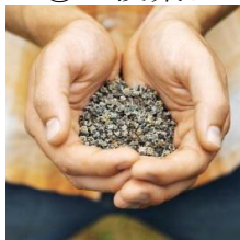
べんきょうのたね 勉強の種

「 分からないこと まちがい 失敗 」は、はずかし くありません。これらは大切な 勉強の種 です。授業 ではこの勉強の種（分からないこと まちがい 失敗）を まいて、みんなで考え、答えをさがしながら、種を育 てていきますと、子どもたちに話しました。
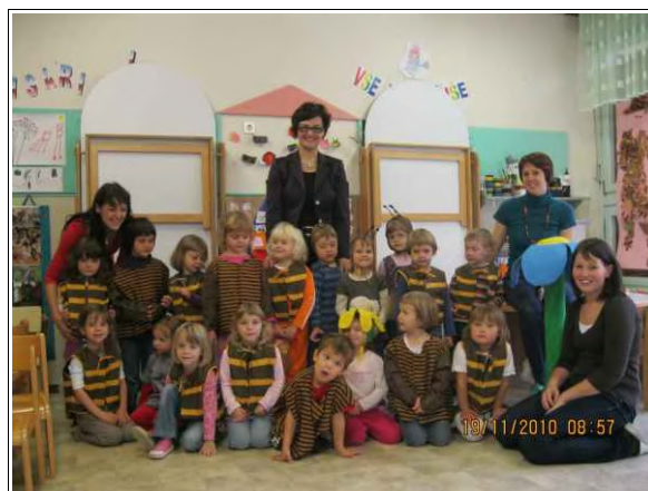
Županja na medenem zajtrku v Vrtcu Ljutomer
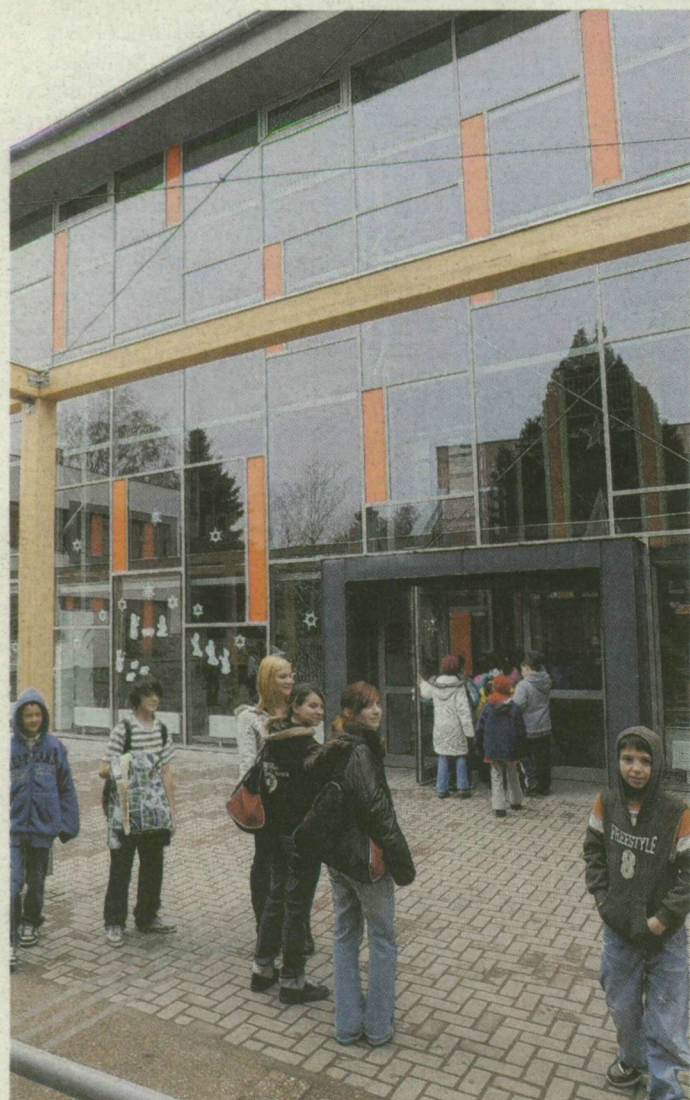
A szőregi iskola üveghomlokzata a szegedi egyetem Ady téri tanulmányi és információs központjára emlékeztet.

□ □ □ □

> _ASSIGNMENT_: Every line above that holds "勉強の種" should be copied out.

> _REPLY_:
べんきょうのたね 勉強の種
「 分からないこと まちがい 失敗 」は、はずかし くありません。これらは大切な 勉強の種 です。授業 ではこの勉強の種（分からないこと まちがい 失敗）を まいて、みんなで考え、答えをさがしながら、種を育 てていきますと、子どもたちに話しました。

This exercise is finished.